Task details
Print, in exact form, the lines below from the one containing "10、到最右侧的场景,点击木偶戏台,将鞋盒给上面的纸人可以得到一个香囊;" through the one containing "It switched! Now", and omit all others.

Exercise data
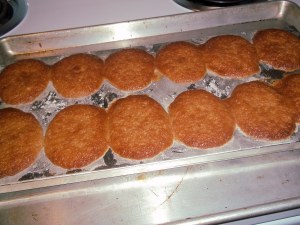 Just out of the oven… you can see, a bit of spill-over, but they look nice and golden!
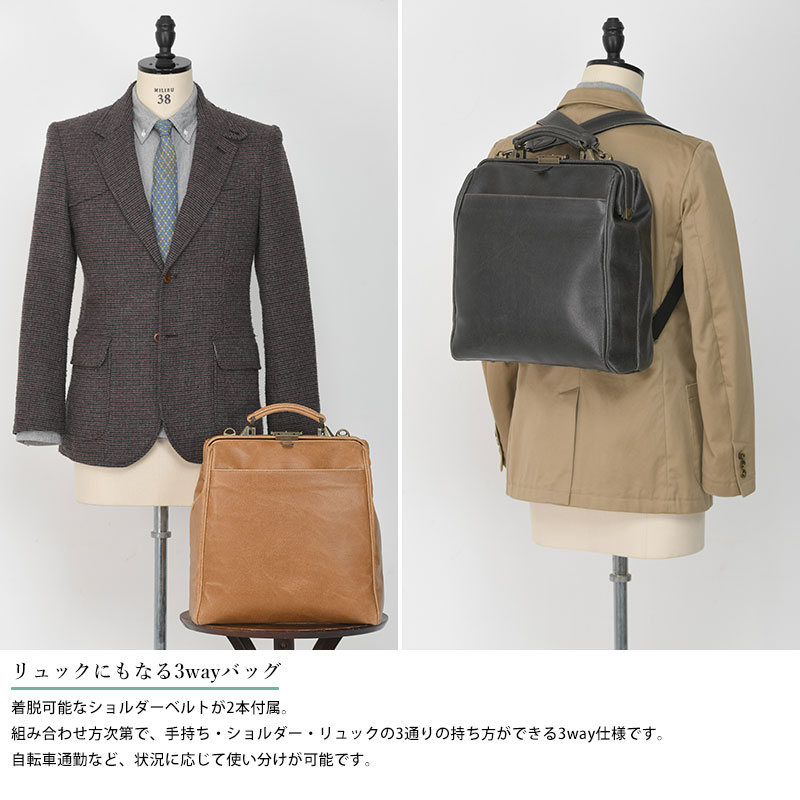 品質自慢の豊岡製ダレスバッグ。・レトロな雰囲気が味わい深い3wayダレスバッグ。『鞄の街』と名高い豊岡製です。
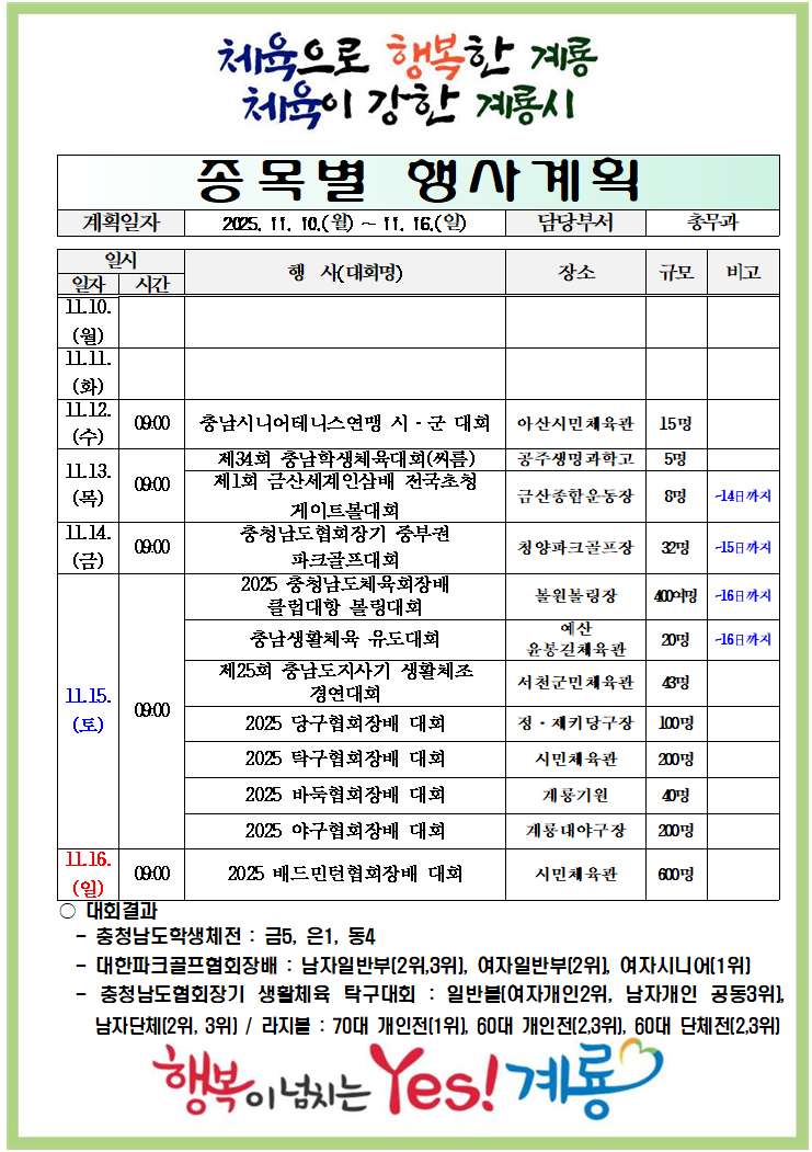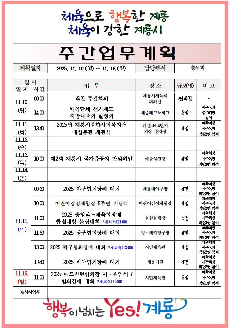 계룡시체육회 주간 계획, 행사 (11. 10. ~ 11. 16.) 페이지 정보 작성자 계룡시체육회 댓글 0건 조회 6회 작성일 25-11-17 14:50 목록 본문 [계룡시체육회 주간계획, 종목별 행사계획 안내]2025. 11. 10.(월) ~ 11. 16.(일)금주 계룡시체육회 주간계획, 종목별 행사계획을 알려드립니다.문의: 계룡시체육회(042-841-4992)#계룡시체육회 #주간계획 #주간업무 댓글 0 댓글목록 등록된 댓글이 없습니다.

--

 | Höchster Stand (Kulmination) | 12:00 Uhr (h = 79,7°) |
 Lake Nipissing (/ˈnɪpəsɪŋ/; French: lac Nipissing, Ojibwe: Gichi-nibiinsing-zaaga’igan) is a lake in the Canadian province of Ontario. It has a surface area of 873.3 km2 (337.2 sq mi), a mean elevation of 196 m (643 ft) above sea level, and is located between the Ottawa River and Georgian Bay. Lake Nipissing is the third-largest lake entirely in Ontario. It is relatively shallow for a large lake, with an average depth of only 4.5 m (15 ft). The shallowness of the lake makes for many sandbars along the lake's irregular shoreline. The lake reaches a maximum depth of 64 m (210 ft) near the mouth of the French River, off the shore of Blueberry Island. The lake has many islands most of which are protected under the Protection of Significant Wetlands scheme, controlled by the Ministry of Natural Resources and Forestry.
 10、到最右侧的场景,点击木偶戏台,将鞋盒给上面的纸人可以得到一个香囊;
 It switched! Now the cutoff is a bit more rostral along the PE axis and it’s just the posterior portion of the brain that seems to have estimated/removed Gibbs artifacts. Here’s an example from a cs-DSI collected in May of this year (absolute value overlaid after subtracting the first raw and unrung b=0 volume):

Exercise solution
 10、到最右侧的场景,点击木偶戏台,将鞋盒给上面的纸人可以得到一个香囊;
 It switched! Now the cutoff is a bit more rostral along the PE axis and it’s just the posterior portion of the brain that seems to have estimated/removed Gibbs artifacts. Here’s an example from a cs-DSI collected in May of this year (absolute value overlaid after subtracting the first raw and unrung b=0 volume):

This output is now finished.